On Tuesday, the National Comprehensive Cancer Network (NCCN) released updated guidelines elevating the combination therapy of Leclaza (lazertinib), developed by Oscotec and Yuhan Corporation, and Johnson & Johnson’s Rybrevant (amivantamab) to standard treatment status for lung cancer. This development is expected to expand access for more patients.
Leclaza + Rybrevant Approved for First-Line Lung Cancer Treatment
The revised NCCN guidelines now classify the Leclaza + Rybrevant combination as a Category 1 and preferred first-line treatment option for patients with locally advanced or metastatic non-small cell lung cancer positive for EGFR exon 19 deletions or exon 21 L858R mutations.
This upgrade signifies that the combination therapy has achieved a clinical recommendation level on par with existing standard treatments. The elevation is primarily based on overall survival (OS) data from the Phase 3 MARIPOSA trial.
NCCN guidelines are a globally respected resource for oncologists making treatment decisions. With this update, the Leclaza + Rybrevant combination now shares the highest recommendation level alongside established monotherapies and combination treatments.
The NCCN emphasizes superior efficacy, safety, and evidence level when designating preferred therapies.
Beyond the status upgrade, the guidelines now include detailed side effect management protocols, aimed at facilitating real-world clinical use.
New recommendations include anticoagulant administration to prevent venous thromboembolism (VTE) when initiating Leclaza + Rybrevant as first-line treatment. The guidelines also advise oral dexamethasone two days before the first infusion to mitigate infusion-related reactions (IRR).
Specific preventive measures for skin-related adverse events are outlined.
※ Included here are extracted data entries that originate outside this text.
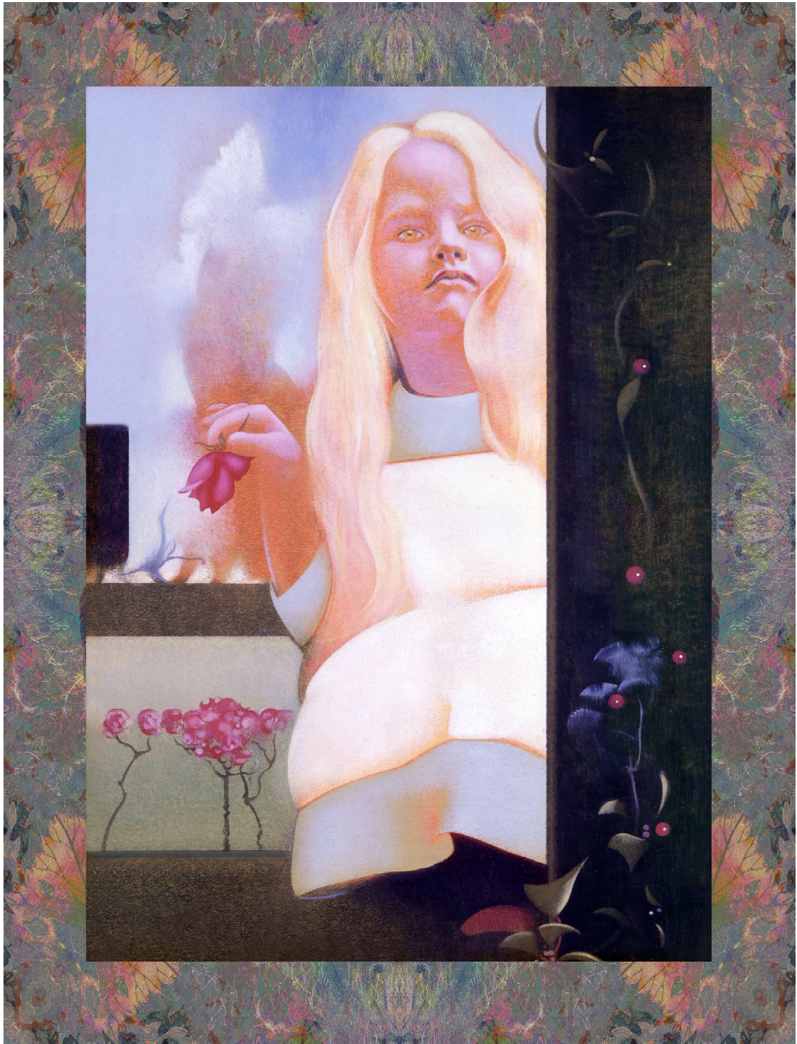
The Queen's Croquet-Ground
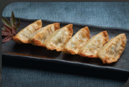
GYOZA $5.90 Deep-fried meat dumplings
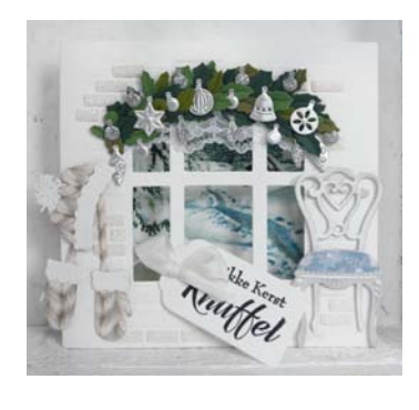
Extra needed for this card: Creatables: LR0440 (Knitted hat and mittens), Inkpad: black, Decoration paper: CA3104 (snow paper), CA3127 (silver), CA3122 (silver glitter)

Cut a narrow piece of paper and adhere with foamtape, creating a flower box and fill it up with holly leaves.
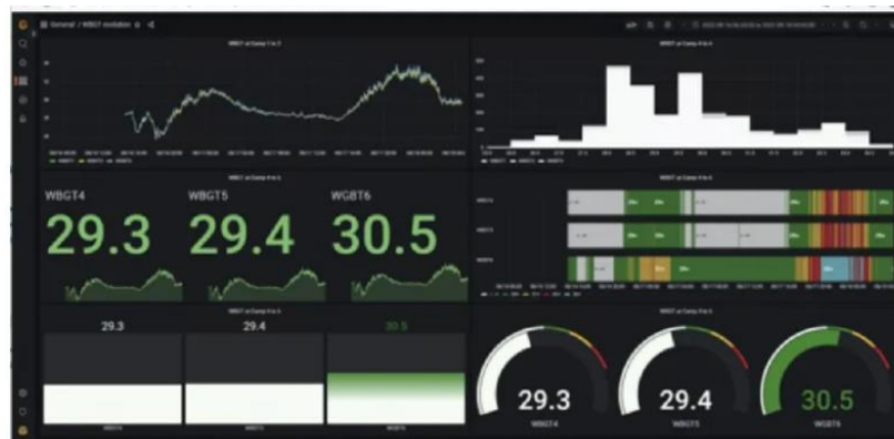
Figure 4: Real-time WBGT monitoring dashboard with alert system
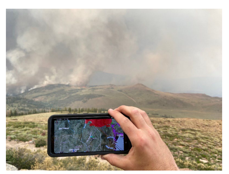
Photo 4. A mobile app enables wildland fire managers to track the locations of personnel and vehicles on the 2021 Tamarack Fire.

In addressing the fuels management needs described above, DOI will focus short-term efforts on those projects for which NEPA and other statutory review compliance have been completed, as directed by the BIL. In addition, leveraging USGS science and support, DOI will explore opportunities to create a NEPA Science and Support Team to provide direct scientific expertise to agencies by producing NEPA analyses; providing support to address other required natural, historic, and cultural resource analyses; and conducting literature reviews for hazardous fuel treatment planning activities. This will help ensure the most up-to-date state of the science is integrated into project plans.
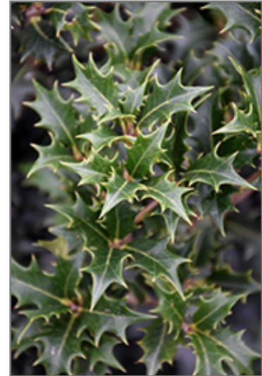
Gulftide False Holly foliage

Gulftide False Holly is recommended for the following landscape applications;
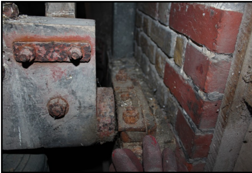
This photo shows the headstock and one bearing of bell number two. The gudgeon, not visible, protrudes from the headstock into the bearing. Wear on the gudgeons have made them very loose in the bearing.

Since the last article on the bells was in the November/December edition, we thought it was time for an update and what our plans moving forward are. As a recap, an inspection carried out in March 2024 advised us to stop ringing bells 4 and 5 with immediate effect. This was due to a high risk of the gudgeons failing (the gudgeons are metal pins that fit into
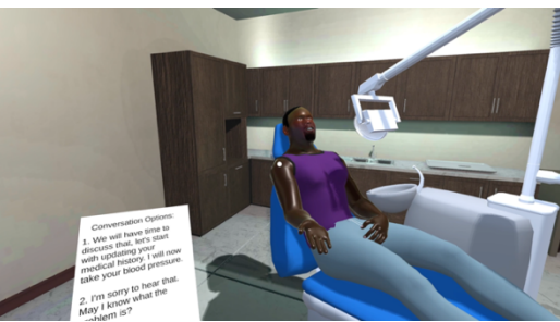
Figure 4. VSP's VR session.

VR is defined as a computer-generated digital environment that can be experienced with as if that environment was real [3]. In VSP project, user has an option to switch from AR to VR mode. In this session, they will be fully immersed into the dentist room and interact with the virtual patient there as shown in Figure 4.
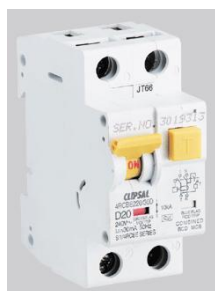
Fixed safety switch (e.g. installed on switch board)
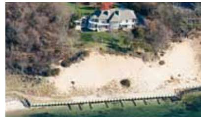
North Haven 6,100 SF+/-, 6 bedrooms, pool, 2.6 acres. Exclusive $7.95M WEB# 29701
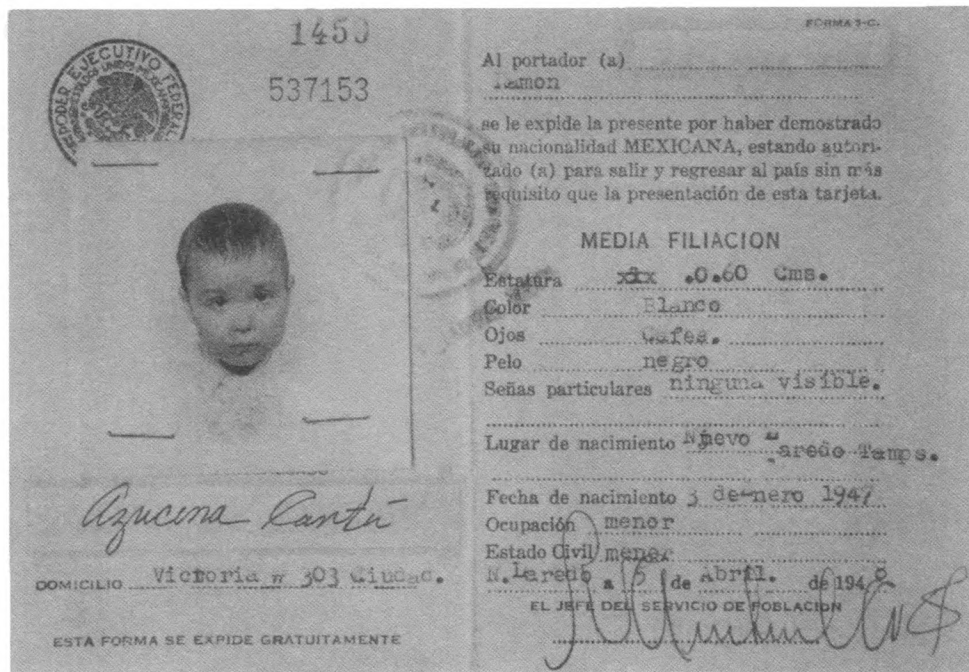
Fig. 3. Photo of U.S. immigration papers, Canícula , p. 21.

These include prophylactic oral antibiotics, topical clindamycin lotion for the scalp, chlorhexidine for nails, and ceramide-based moisturizers.
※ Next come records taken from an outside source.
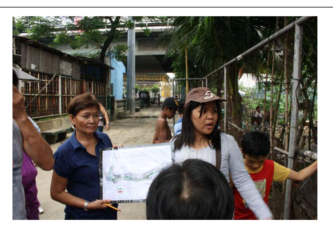
Focal Dialogue/Discussion at Upstream of Rosario Bridge
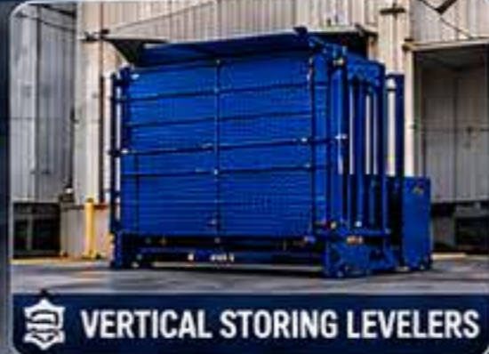
VERTICAL STORING LEVELERS
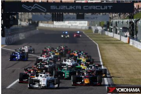
Cars racing in a 2023 Japanese SUPER FORMULA Championship race

YOKOHAMA tires have been the control tires for the Japanese SUPER FORMULA Championship series since 2016. Last year, Yokohama Rubber began supplying ADVAN A005 racing tires for use in dry conditions that have a 33% sustainable material content ratio as the series' control tire. This season, we are increasing the use of sustainable materials by supplying a new version of our ADVAN A006 tire for wet conditions that has a higher sustainable material content ratio. This activity is part of an effort to create a sustainable motorsports industry, and Yokohama Rubber is continuing to advance its development of racing tires that sustainable materials without compromising driving performance as part of a broader perspective to develop tires suitable for a circular economy.
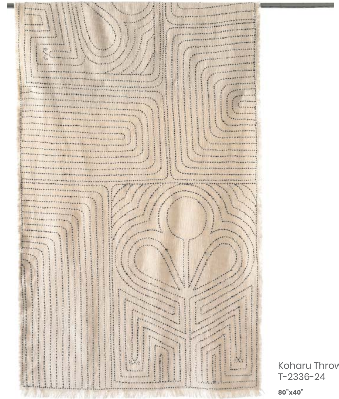
Koharu Throw T-2336-24

Beautifully handcrafted Cruso is a woven cotton throw, with different thicknesses of cotton yarn used in the warp and weft. The distinctive slubbiness of the throw has a unique textural experience, and the frayed sides add to its raw appearance. Handwashed to further achieve softer and relaxed textural appeal, Cruso is available in a classic colour palette of natural and mocha.
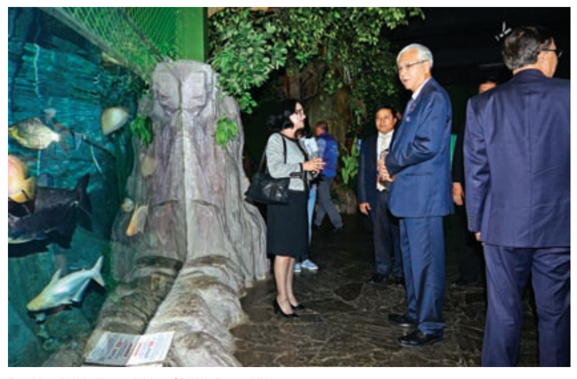
President U Htin Kyaw visiting (SDWA).

The summit was held in Sochi on Thursday and Friday with the aim of enhancing trade and forming strategic economic partnerships through the establishment of regional economic integration.-Myanmar News Agency
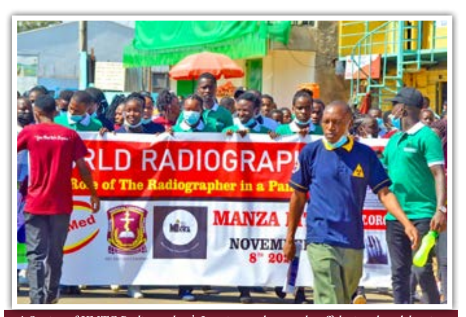
A Section of KMTC Radiography & Imaging students and staff during the celebration

"Diagnostic Radiographers have become an instrumental part of the process in determining if a patient has COVID-19, and how they are progressing and recovering from it," he said.
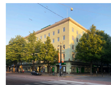
6 Fagerholmintalo 1928 Jussi & Toivo Paatela
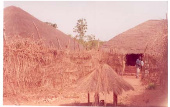
These are the houses of the family group. The hut in the center of the compound is where the family idol is kept
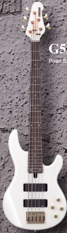
G5S Pearl Snow White
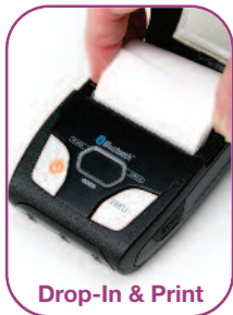
Drop-In & Print
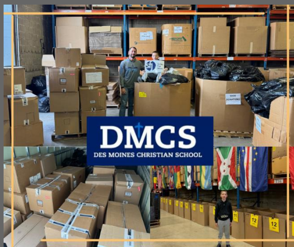
Shawn & Sam delivering shoes

delivering them from Iowa. Two full pallets and three shipping gaylords full of shoes (pictured) are ready to be packed by our volunteers. God bless you all for your ongoing partnership to touch lives in Africa!
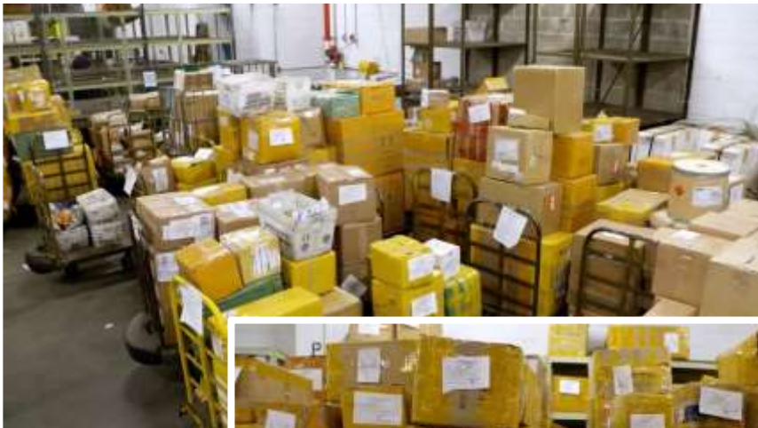
Packages for FDA review at JFK IMF

The IMFs receive international mail from more than 180 countries, which often lack advance information regarding the content of the packages that would aid in targeting shipments that are likely to contain illegal, unapproved, counterfeit and potentially dangerous drugs. How large is the scope of the problem? There’s no way for the FDA or any federal agency to know. But 87% of the packages that the FDA has reviewed contain illegal, unapproved, counterfeit and potentially dangerous drugs.

These comprehensive management guidelines are expected to help clinicians proactively address side effects and improve patient adherence.
Leclaza Monotherapy Reevaluated for Second-Line Treatment
The guidelines also address second-line treatment scenarios following first-line therapy failure.
If disease progression occurs after standard therapies or Leclaza + Rybrevant combination, continued use may be considered as a Category 2A or other recommended option in specific patient situations.
Leclaza monotherapy has also been added to the guidelines based on exploratory analyses from Phase 3 trials, reaffirming its clinical value both as part of the combination and as a standalone treatment.
This revision establishes the Leclaza + Rybrevant combination as a standard first-line treatment option, rather than an alternative therapy.
The survival benefits demonstrated in Phase 3 studies, which form the basis for the highest recommendation level, are expected to positively impact global market share expansion.
An industry insider commented that achieving preferred therapy status in the NCCN guidelines positions this combination as a top consideration for healthcare providers globally, including in the U.S. The inclusion of detailed side effect management protocols will likely reduce barriers to adoption in clinical practice, intensifying competition with existing treatments.